In Paradise Hills, Waddington does a great job of constantly surprising the audience. People you think you can trust–you cant; people who seem evil, may just be on Uma’s side afterall. The deception and conspiracy of the facility goes so many layers deep, and just when you think you figured it all out–you haven’t.
The world set up in the film is all about money. There are the “uppers” and the “lowers”, and almost every character in the film turns out the have the motivations they do because of money or getting paid off to do something. How much would it take for you to betray someone you love? Abandon your loved ones and entire life? At least in Paradise Hills there is always a price.
The breathtaking sets and special effects are a great accompaniment to the twists and turns of the story. There are definitely moments of inconsistency within the film–for instance, Uma’s roommates who she befriends freak out that Uma talked to Amarna, and cannot believe she doesn’t know who Amarna is. Then in the next scene, Uma’s roommate is partnered up with Amarna for a strange yoga exercise in the cult classes they must attend and does not seem fazed.
The editing is well done; there are some flashbacks and flashforwards that add to the creepiness and suspense of the overall tone of the movie. The film is cheesy at times, where the performances just weren’t coming together in a natural way–it was a bit campy. I found something left to be desired in the acting at intense points in the film–maybe they were trying to not be overdramatic. Towards the end it also gets very feverdreamy, and that keeps going for a long time–I think that part could have been condensed a bit.
Overall, the film is a fun rollercoaster ride. Despite any shortcomings, the film was a standout in my mind as an interesting and visually appealing piece. Waddington drives home strong ideas through the movie in an enjoyable way.
© Carlotta Plys-Garzotto (October 31st, 2019)
Commentary by Review Coach Giorgi Plys-Garzotto
Paradise Hills is kind of like if Girl, Interrupted had a baby with both Alice in Wonderland and The Hunger Games. It is also very gay, which I appreciate. However, it’s gay in a problematic way, as it features the “bury your gays” trope. This is a spoiler for the movie, but I would rather let queer people know about this trope and risk spoiling them than be too cautious and let someone go into the movie unaware. To keep it vague, it’s not exactly the straight-up version of the “bury your gays” trope, but all the parts are still basically there.
As to the rest of the film, the production design makes it a feast for the eyes, and I wouldn’t use such a corny phrase lightly.
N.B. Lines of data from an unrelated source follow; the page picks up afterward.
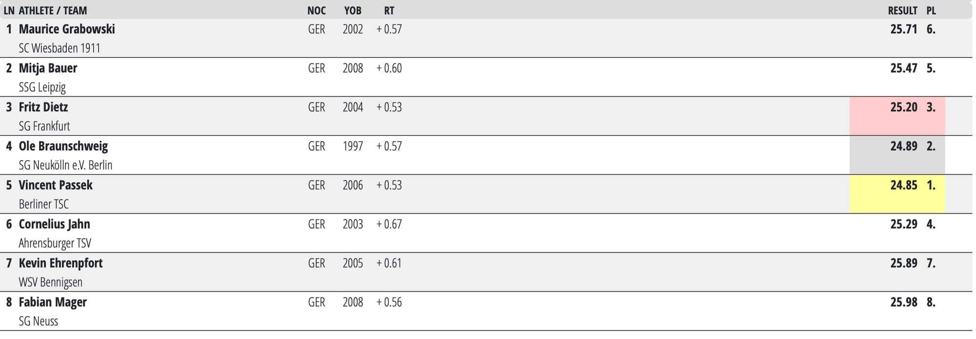 Vincent Passek pipped his Berlin training partner Ole Braunschweig 24.85 to 24.89. Braunschweig focused exclusively on the backstroke dash at nationals for his silver lining. The bronze went to Fritz Dietz in 25.20, while Cornelius Jahn, on 25.29, may also get the call for Paris action.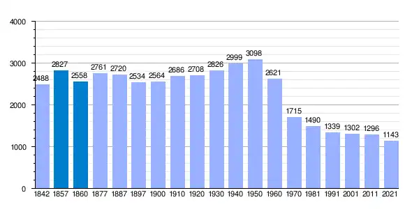| Gráfica de evolución demográfica de Higueruela[1] entre 1842 y 2021 |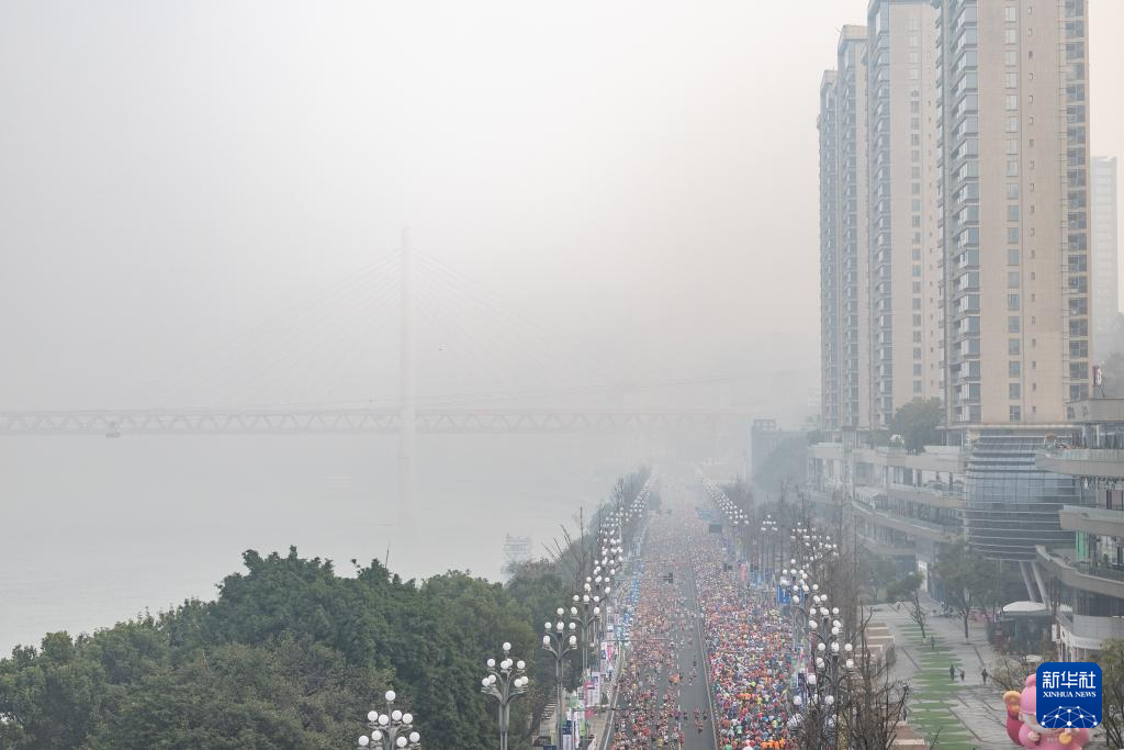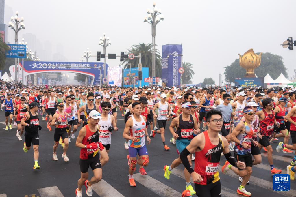 当日,2026重庆马拉松赛在重庆市南岸区南滨路烟雨公园鸣枪开跑,共有来自26个国家和地区的约2.5万名选手参赛。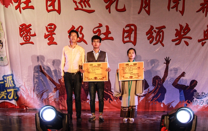 此外,根据近两个学期的社团日常考核和微信公众平台投票综合评选出的星级社团,也在此次晚会上进行了表彰。最终,艺术设计系子衿汉服社和电子系流光印记拍客俱乐部获得了五星级社团的荣誉。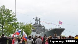 Для этого, специально из Новороссийска на керченский морвокзал 8 –го мая прибыл большой десантный корабль «Калининград». Несколькими залпами из корабля утром 9-го мая торжественно открыли Парад Победы. Не обошлось и без ритуального выноса государственного флага России и Знамени Победы.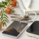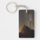 A key ring with a photo on either side of the Broch, Carloway, Isle of Lewis at night with stars and the milky way.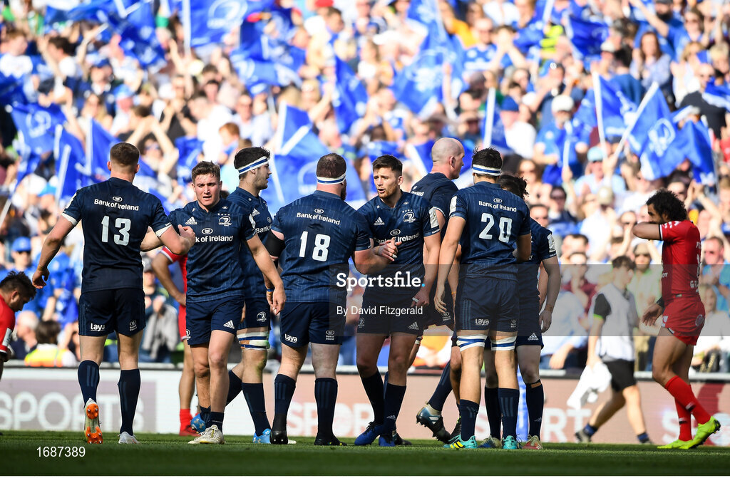 21 April 2019; Leinster players celebrate following the Heineken Champions Cup Semi-Final match between Leinster and Toulouse at the Aviva Stadium in Dublin. Photo by David Fitzgerald/Sportsfile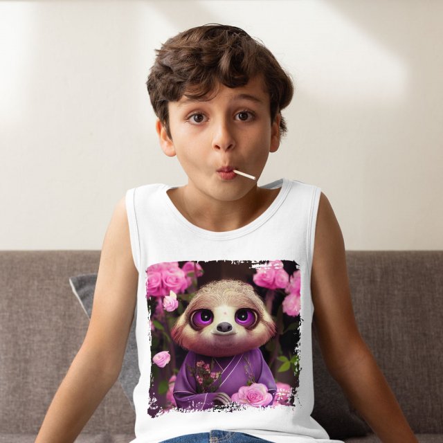Cute Flower Kids’ Jersey Tank – Cute Sloth Sleeveless T-Shirt – Lovely Kids’ Tank Top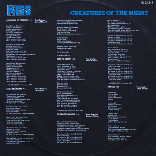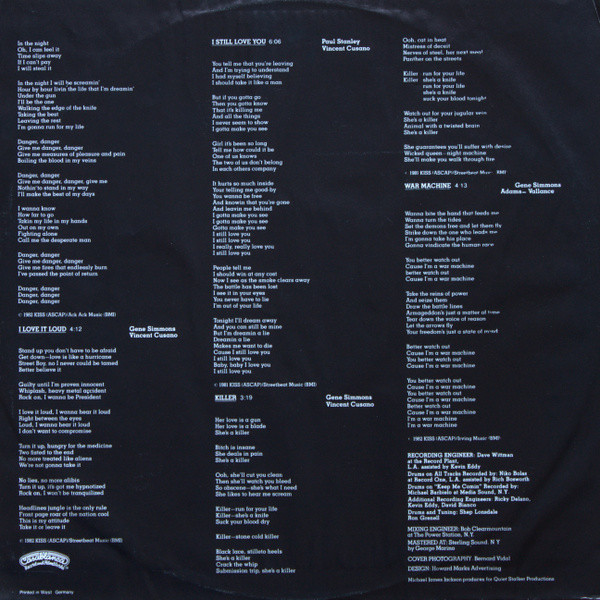 - Written-By – A. Mitchell* (tracks: A1, A3, A5), G. Simmons* (tracks: A2, A4, B1, B3, B4), P. Stanley* (tracks: A1, A3, A5, B2), V. Cusano* (tracks: B1 to B3)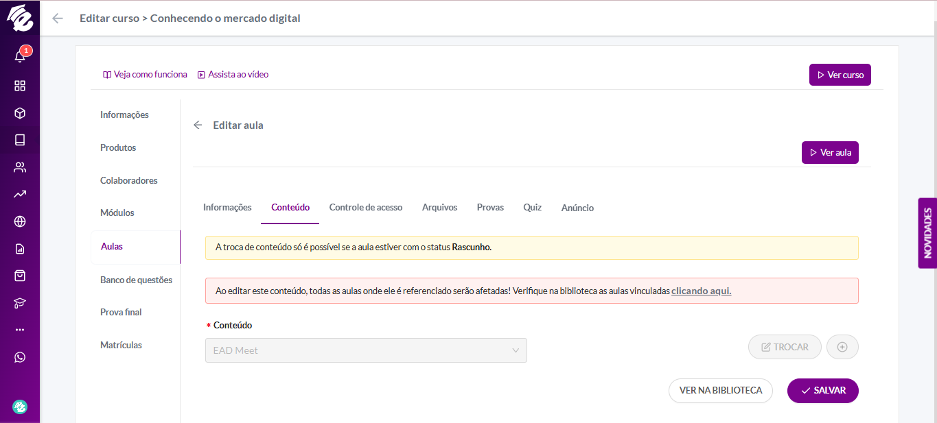 Nessa aba será exibido o conteúdo da aula, sendo possível trocar o conteúdo ou copiar informações da aula, como no caso da aula ao vivo onde é necessário copiar o Link de transmissão e Chave Stream.

This movie has everything: giant light-up jellyfish sculptures, a merry-go-round brainwashing machine, and characters serving #looks 24/7. I knew nothing about the movie going in, so when I saw the girl from Unfabulous singing a pop song in some Imperial Russia style ballroom while wearing some kind of birdcage on her head, I was intrigued to say the least. The opening scene’s kaleidoscopic musical number leads into a movie with visuals rivaled only by The Fifth Element in imagination and unabashed creativity.
Re: what was actually expressed by this movie, I got a vague anti-capitalist message and some unfocused feminism, but much of this film is aesthetics not ideas. We can definitely all agree that girls shouldn’t be forced into marriage to random older men and that it’s not great for there to be an oligarchy, I wasn’t clear on what exactly the film was trying to say otherwise. I got the sense that this film was meant for the crowd that got into feminism around the time when model-level-gorgeous actresses like Emma Roberts started making it fashionable.